Requirement: Every line in the entries where "gift" is found should be copied.
Dataset records: Begin
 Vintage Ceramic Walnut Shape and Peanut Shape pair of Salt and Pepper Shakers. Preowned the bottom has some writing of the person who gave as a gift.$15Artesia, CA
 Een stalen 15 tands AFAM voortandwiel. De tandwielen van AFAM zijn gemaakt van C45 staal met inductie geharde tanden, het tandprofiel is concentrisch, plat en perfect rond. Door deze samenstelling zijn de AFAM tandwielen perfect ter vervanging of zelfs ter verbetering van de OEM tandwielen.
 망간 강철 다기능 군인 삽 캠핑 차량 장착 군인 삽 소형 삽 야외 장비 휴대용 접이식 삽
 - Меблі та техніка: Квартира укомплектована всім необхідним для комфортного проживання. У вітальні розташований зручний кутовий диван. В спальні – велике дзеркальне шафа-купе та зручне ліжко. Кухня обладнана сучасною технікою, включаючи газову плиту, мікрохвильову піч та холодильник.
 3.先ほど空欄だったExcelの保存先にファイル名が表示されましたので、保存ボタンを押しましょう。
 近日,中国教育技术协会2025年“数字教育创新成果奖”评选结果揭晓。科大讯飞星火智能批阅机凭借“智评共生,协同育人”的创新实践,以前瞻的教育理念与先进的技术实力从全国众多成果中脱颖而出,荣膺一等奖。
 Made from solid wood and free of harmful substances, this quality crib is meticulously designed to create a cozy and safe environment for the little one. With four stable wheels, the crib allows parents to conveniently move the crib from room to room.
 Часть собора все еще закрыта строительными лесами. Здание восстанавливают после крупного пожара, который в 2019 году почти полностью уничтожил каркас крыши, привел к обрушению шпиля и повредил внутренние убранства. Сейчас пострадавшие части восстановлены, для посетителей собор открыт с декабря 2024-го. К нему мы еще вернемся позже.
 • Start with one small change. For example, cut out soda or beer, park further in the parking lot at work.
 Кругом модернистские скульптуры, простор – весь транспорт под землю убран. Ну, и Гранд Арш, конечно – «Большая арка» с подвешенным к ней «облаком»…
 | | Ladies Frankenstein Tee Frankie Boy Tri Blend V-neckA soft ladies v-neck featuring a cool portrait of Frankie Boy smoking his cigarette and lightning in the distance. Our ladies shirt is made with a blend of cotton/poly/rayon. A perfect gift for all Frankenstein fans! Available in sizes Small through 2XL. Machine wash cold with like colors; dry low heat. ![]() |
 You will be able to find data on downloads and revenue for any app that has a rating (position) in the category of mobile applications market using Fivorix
Dataset records: End
Response for this exercise:
 Vintage Ceramic Walnut Shape and Peanut Shape pair of Salt and Pepper Shakers. Preowned the bottom has some writing of the person who gave as a gift.$15Artesia, CA
 | | Ladies Frankenstein Tee Frankie Boy Tri Blend V-neckA soft ladies v-neck featuring a cool portrait of Frankie Boy smoking his cigarette and lightning in the distance. Our ladies shirt is made with a blend of cotton/poly/rayon. A perfect gift for all Frankenstein fans! Available in sizes Small through 2XL. Machine wash cold with like colors; dry low heat. ![]() |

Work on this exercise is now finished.